You don’t have to be a rocket scientist to recognize that we are living in an environment today where the hearts of the vast majority of fathers are not turned to their children. Why would I make a statement like that?
Value. When a father’s heart is turned to his children, he values his children. They become a priority with him. He puts his children’s needs before his own. A little over a week ago during our “Food Pantry” and “Clothes Closet” ministries, I was talking about this particular characteristic of a father whose heart is turned to his children and a woman spoke up and told this story. She said, “I work at a convenience store. A few days ago a man came in with his little boy. The boy was asking his daddy for a candy bar, and the dad said to him, “I can’t afford a candy bar,” as he paid for his cigarettes! Did this man—along with hundreds of thousands just like him—a “value” his son? Do you know what God says about things like that? He says, “Value others above yourselves, not looking to your own interests but each of you to the interests of the others” (Philippians 2:3b-4, NIV). If valuing others by putting their needs before our own needs is God’s general rule, it should certainly be the rule that governs the attitude and actions of fathers toward their children!
Time. When a father’s heart is turned to his children, he spends time with them attempting to instill in them a Godly way of life. Moses wrote to the men of ancient Israel, “These commandments that I give you today are to be on your hearts. Impress them on your children. Talk about them when you sit at home and when you walk along the road, when you lie down and when you get up” (Deuteronomy 6:7-7, NIV). How many dads are doing this today?
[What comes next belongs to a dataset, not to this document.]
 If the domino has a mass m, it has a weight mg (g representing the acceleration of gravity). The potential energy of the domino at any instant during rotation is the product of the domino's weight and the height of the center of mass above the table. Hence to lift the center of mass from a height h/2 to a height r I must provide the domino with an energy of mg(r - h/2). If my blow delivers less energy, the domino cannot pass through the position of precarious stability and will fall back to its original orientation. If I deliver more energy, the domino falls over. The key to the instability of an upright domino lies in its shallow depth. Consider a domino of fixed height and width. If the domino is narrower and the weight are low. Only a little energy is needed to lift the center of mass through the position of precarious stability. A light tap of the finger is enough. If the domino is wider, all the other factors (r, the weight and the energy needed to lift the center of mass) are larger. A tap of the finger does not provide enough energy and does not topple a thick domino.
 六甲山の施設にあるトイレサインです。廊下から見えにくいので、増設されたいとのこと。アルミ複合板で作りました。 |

Work. When a father’s heart is turned to his children, he works diligently to provide for their needs. In other words, he holds down a job! He gets up and goes to work every day, and when he gets to work he works hard and gets along with his bosses so he doesn’t get fired so he can provide for the needs of his children. Paul wrote, “If anyone does not provide for his own, and especially for those of his household, he has denied the faith and is worse than an unbeliever” (I Timothy 5:8, NKJV). How many fathers in our day simply do not hold down a steady job?
III. The Curse
Malachi warned that if fathers don’t turn their hearts to their children, God would bring on a “curse.” He wrote, “He will turn the hearts of the fathers to the children, and the hearts of the children to their fathers, lest I come and strike the earth with a curse” (Malachi 4:6, NKJV). I don’t think you have to be a brain surgeon to see that in America today we are living under a “curse.”
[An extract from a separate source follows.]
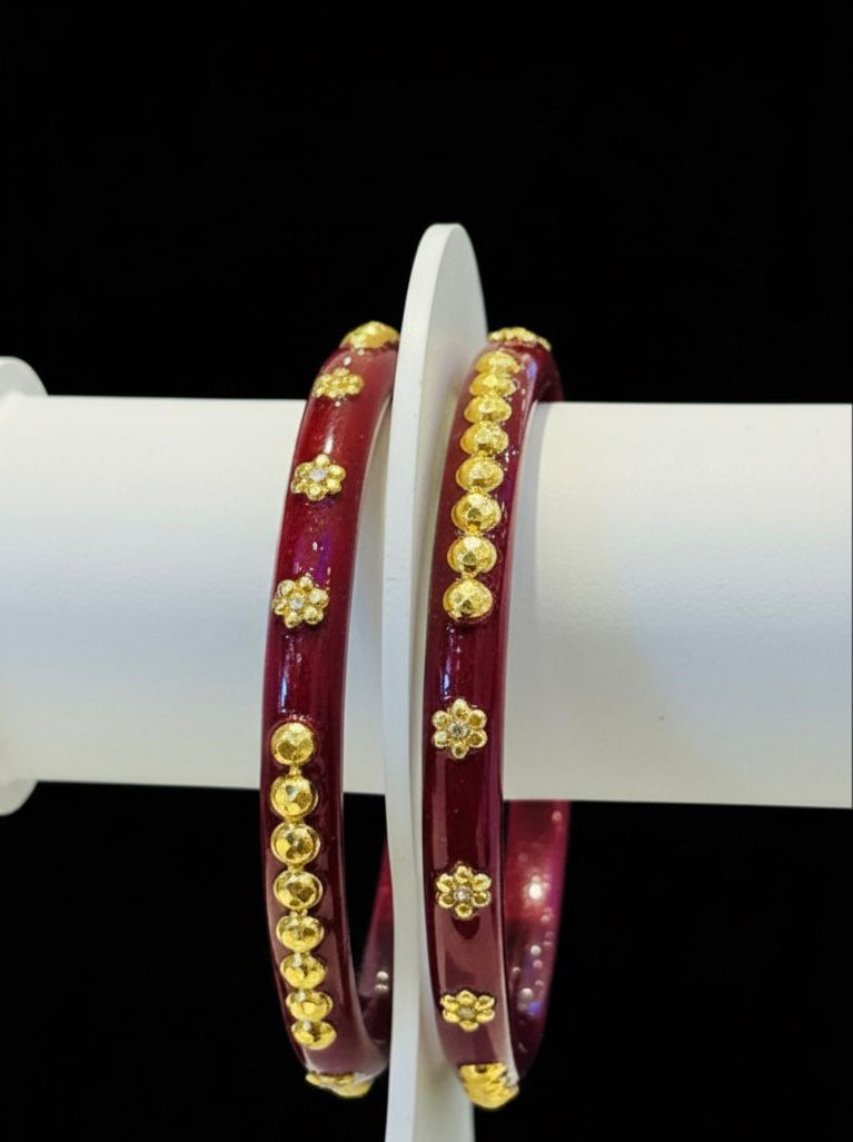 Beautifully crafted traditional Pola bangles, plated with premium 24K gold for a rich and elegant shine. These bangles are designed with a smooth red finish and delicate golden detailing, making them perfect for cultural occasions, festivals, and daily wear. Comes with a 6-month colour guarantee, ensuring lasting shine and durability.

What does this “curse” look like in our day? America has produced at least two generations of young people many of whom are lazy and disrespectful and immoral and angry and violent and addicted and rebellious. A significant number of teens and young adults are convicted of murder or other violent crimes every year; teen suicide is at an all-time high; and thousands of babies are either born to or aborted by unwed teen mothers every year.
The most recent symptom of the “curse” in America is the riots that have broken out in major urban centers across the country…beginning in Ferguson, Missouri. The agitators say these are “race riots.” But I say, “These are not ‘race riots.’ They are ‘daddy riots.’” They are the result of a couple of generations of young people who have grown up under a “curse” because their daddies have failed to turn their hearts to their children!
Statistics say that 42% of all children in major urban centers in America today are growing up with an “absentee father.” Those figures include 63% of black children, 35% of Hispanic children, and 28% of white children. Do you know what that means? It means that those fathers did not have hearts that were turned to their children so at some point along the way they abandoned them! So the people in those major population centers are living under a “curse”—that includes laziness and disrespect and immorality and abortion and anger and violence and murder and addiction and rebellion and rioting.
I want to conclude this sermon by offering you the solution to the problem. What can we do to get the “curse” lifted?
Men. First, men can step up and start acting like the fathers God wants you to be. Just do what Paul said you should do when he wrote, “Fathers, do not exasperate your children; instead, bring them up in the training and instruction of the Lord” (Ephesians 6:4, NIV).
Women. Next, women can pray for a generation of men to become Godly fathers! Just do what Paul said every Christian should do when he wrote, “Never stop praying” (I Thessalonians 5:17, NLT).
Four Basic Convictions Every Father Needs
To Rescue a Cursed Generation
(Malachi 4:6, NKJV)
“He will turn the hearts of the fathers to the children,
and the hearts of the children to their fathers,
lest I come and strike the earth with a curse.”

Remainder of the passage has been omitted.